If pictures appear among the lines below, leave them out while you return exactly the lines from the one with "[옷자락] 여성 니트 브이넥 오버사이즈 간절기 데일리 가디건" through the one with "Институт изучения войны".

THE RECORDS
***

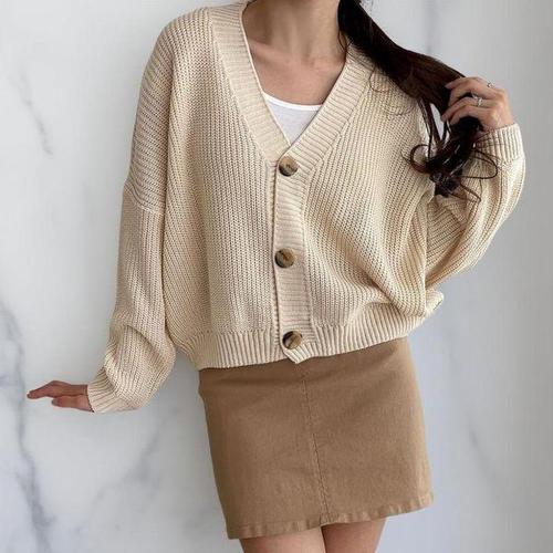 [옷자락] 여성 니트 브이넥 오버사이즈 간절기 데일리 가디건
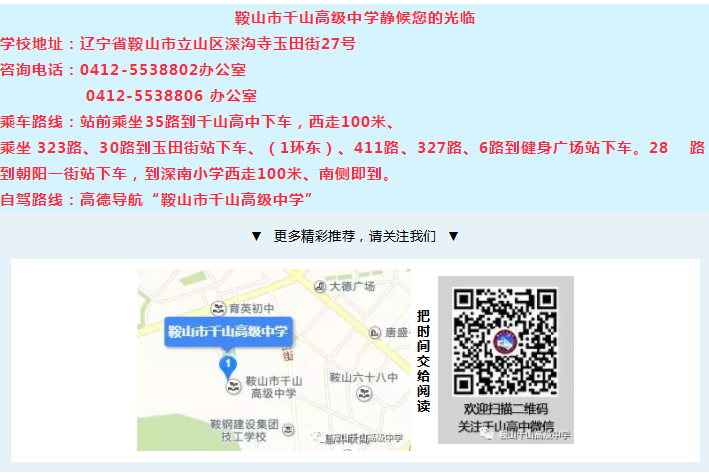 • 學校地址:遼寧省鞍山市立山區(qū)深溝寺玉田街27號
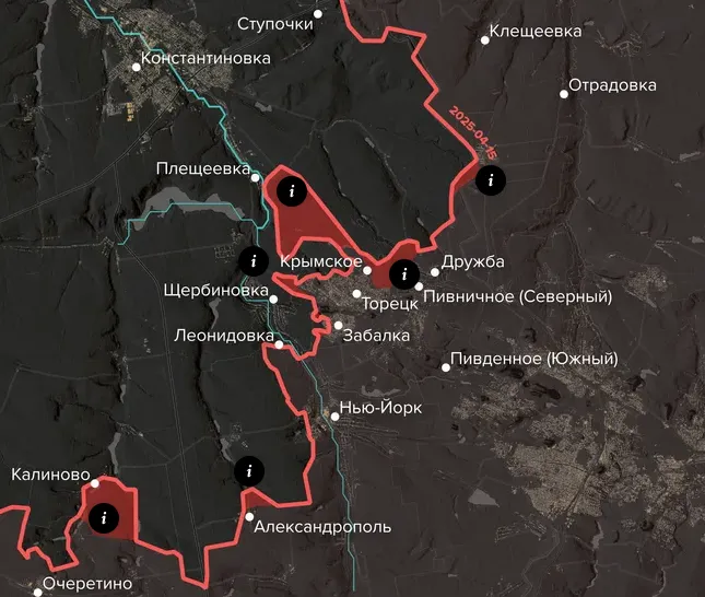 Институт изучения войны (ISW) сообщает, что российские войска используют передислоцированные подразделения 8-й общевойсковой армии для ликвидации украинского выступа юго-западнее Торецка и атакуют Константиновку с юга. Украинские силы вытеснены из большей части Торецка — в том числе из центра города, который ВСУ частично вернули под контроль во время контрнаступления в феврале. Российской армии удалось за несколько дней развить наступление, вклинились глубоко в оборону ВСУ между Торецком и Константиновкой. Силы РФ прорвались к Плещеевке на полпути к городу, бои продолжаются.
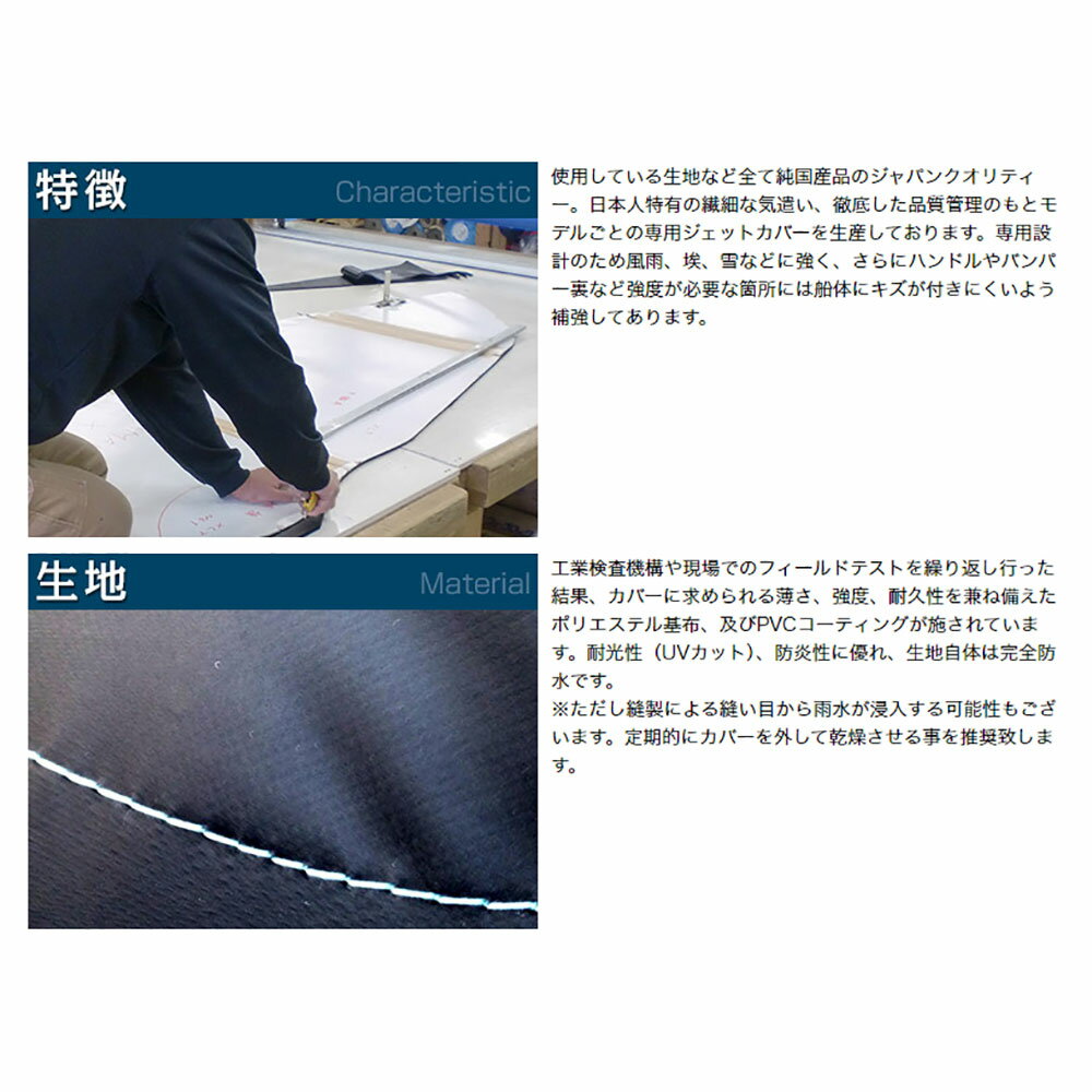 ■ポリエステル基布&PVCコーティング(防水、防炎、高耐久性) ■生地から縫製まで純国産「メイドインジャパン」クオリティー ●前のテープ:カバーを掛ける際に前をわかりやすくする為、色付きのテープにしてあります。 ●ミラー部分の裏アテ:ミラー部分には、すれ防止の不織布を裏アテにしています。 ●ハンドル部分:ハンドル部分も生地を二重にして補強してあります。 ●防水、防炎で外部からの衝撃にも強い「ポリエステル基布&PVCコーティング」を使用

***

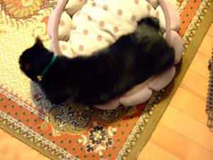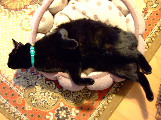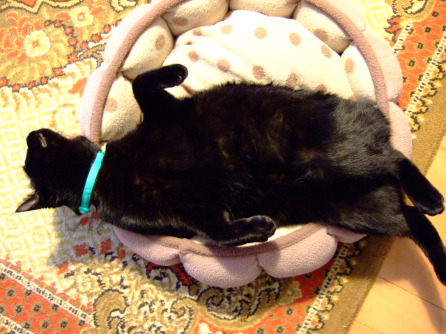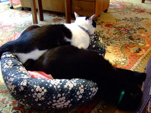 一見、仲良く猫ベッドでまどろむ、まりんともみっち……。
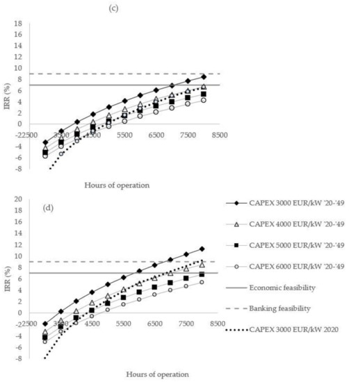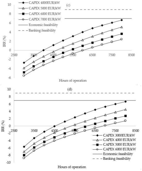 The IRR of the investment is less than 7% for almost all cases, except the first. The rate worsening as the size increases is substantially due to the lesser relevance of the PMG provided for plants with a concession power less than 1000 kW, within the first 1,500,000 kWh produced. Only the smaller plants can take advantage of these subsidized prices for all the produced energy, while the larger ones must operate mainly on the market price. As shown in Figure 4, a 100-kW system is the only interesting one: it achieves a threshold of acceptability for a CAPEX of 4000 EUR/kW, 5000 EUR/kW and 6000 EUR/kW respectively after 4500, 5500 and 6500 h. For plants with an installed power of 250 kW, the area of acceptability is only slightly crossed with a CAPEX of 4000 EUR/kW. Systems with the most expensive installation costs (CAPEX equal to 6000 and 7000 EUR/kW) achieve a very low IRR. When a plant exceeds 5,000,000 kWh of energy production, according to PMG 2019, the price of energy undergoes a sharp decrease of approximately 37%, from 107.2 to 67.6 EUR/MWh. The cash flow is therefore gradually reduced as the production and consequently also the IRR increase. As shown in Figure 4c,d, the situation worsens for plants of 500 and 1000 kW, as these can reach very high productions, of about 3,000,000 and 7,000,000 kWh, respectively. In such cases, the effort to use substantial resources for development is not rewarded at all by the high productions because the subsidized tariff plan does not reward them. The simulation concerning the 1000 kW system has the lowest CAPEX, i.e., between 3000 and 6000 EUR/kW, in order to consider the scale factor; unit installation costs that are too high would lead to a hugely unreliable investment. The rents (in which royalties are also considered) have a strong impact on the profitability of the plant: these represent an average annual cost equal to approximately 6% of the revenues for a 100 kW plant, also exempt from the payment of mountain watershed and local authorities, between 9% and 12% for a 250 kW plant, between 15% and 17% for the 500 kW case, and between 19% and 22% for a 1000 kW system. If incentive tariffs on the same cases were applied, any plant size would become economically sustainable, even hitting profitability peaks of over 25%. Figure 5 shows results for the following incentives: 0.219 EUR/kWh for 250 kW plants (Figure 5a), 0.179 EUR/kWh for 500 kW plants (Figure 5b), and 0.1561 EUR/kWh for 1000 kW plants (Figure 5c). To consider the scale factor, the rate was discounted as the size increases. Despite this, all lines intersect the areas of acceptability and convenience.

***

SOLUTION TO THIS EXERCISE
 [옷자락] 여성 니트 브이넥 오버사이즈 간절기 데일리 가디건
 • 學校地址:遼寧省鞍山市立山區(qū)深溝寺玉田街27號
 Институт изучения войны (ISW) сообщает, что российские войска используют передислоцированные подразделения 8-й общевойсковой армии для ликвидации украинского выступа юго-западнее Торецка и атакуют Константиновку с юга. Украинские силы вытеснены из большей части Торецка — в том числе из центра города, который ВСУ частично вернули под контроль во время контрнаступления в феврале. Российской армии удалось за несколько дней развить наступление, вклинились глубоко в оборону ВСУ между Торецком и Константиновкой. Силы РФ прорвались к Плещеевке на полпути к городу, бои продолжаются.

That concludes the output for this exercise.